I know, I know. I should have already signed up for CBS All Access because if I had I could be halfway through Discovery’s second episode by now. But, wow am I ever finding it hard to care about Discovery.

It’s like Jerry Seinfeld’s bit about how modern sports fandom means really just rooting for laundry. With the players always changing teams and the teams always changing cities the fans in the stadiums, when it comes down to it, are simply rooting for the clothes from their city to beat some other city’s clothes.

That’s me with Discovery right now. Most of the actual people responsible for the majority of Star Trek I’ve seen in my life have nothing to do with Discovery or were pushed out during the show’s troubled production. Several of them are now working over on The Orville, cranking out variations on their old hits and producing an unofficial version of Star Trek that gets to be unburdened by decades of canon. Why can’t I just root for them? Orville’s “About a Girl,” their version of “Measure of a Man,” was classic Roddenberry storytelling in so many ways, albeit with the occasional lewd Seth MacFarlane joke.


Why should I give preference to Discovery? Am I simply tuning in to salute the familiar logo and get all weepy whenever variations on the old Jerry Goldsmith score pop up? Why the heck should I really care about a version of Star Trek executive produced by Alex Kurtzman, the Hollywood hack responsible for multiple Transformers movies and Tom Cruise’s The Mummy (may we speak of it no more)? The Trek movies he co-wrote for J.J. Abrams (Star Trek and Into Darkness) are good, but not so good that I want this guy to be the steward of the franchise now.

Discovery viewing is compulsory, then, not voluntary. It’s a thing you do out of franchise loyalty, and you struggle the entire time to judge the show on its own merits and not constantly compare and contrast to what’s come before. It’s not exactly like CBS’s promotional material to this point has been all that inspiring. Given all the rumors of trouble behind the scenes, I’ve mostly assumed CBS was just happy to finally have something ready to show, regardless of whether or not it was any good.

Of course, I’d be singing a completely different tune if the Discovery pilot was any good. It’s not. It’s not overly bad either. It’s just kind of there, shoving its dutch angles, lens flares and garbled Klingon dialogue down your throat while also hoping to score inspirational diversity points for giving us a Starfleet ship captained by an Asian woman (Michelle Yeoh’s Captain Georgiou) and first officered by a black woman (Sonequa Martin-Green’s Michael). Which, to be fair, awwww, y’guys. Progress.


But you can’t even really call the first episode a pilot, not with the way it clearly forms the first part of a mini-movie (call it “How Michael Went on a Spacewalk and Instigated an Intergalactic War”) that will be concluded in episode 2. Based upon the reviews, it’s not until episode 3 that the series properly begins, finally introducing the titular ship and full cast and establishing more of an idea of what the show will be like on week-to-week basis. This might mean the first two episodes represent Bryan Fuller’s vision for the series while the rest of the episodes are the ones his replacements took over. Or it might mean CBS’s plan really was to always kick off their new Star Trek series with a glorified prologue under the cynical assumption that Trekkies would automatically fork over their money no matter what, even if the first Discovery episode didn’t really let them know what to expect.
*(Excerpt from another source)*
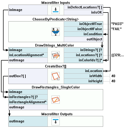 - Connect the macrofilter's input inDefectLocations to the inLocation,

If so, it’s a bad move, especially given how annoyed everyone is becoming with all the streaming services they have to pay for. So, other than “rooting for the laundry” what is there in Discovery that’s going to get me to add CBS All Access to my streaming subscriptions alongside Netflix, Hulu, Amazon and HBO?

The oppressively dark lighting? The wooden performances? Uninspired opening credits sequence that looks more like an advertisement for a The Art of Star Trek: Discovery book? Maddenly slow scenes with religious Klingons who are clearly just dudes struggling to get their lines out through cumbersome prosthetics and make-up? Martin-Green’s unpredictable and sometimes awkward “shifts between Vulcan logic and all-too-human rebelliousness”? The mockable background bits like how one of the side characters on the bridge looks like a member of Daft Punk? Random moments of outerspace racism, imperialism and mansplaining? The nonsensical scene of Michael running off to have a space chat with her adopted dad (who happens to also be Spock’s dad) while her ship is in the middle of a standoff with a far bigger and far more menacing ship? Doug Jones being so very Doug Jones as an alien who can empathically sense impending doom?

Actually, that last bit was cool.

What we are left with is the impossibly bizarre situation of having two different Star Trek shows to either choose from or alternate between. Neither are perfect. As someone live-tweeted during Discovery’s premiere:

And both of our options roughly align with the different Trek eras. The Orville is for those people who remember the TNG-Enterprise era; Discovery tries desperately to mix a little classic Trek with its Abrams-inspired cinematic visuals, but mostly comes off DS9 in tone, Trek fan series in exeuction and JJ in appearance. I’d rather not just root for the laundry, though, and instead gravitate toward the show that actually interest me. Right now, that’s The Orville, awkward Seth MacFarlane performance and all.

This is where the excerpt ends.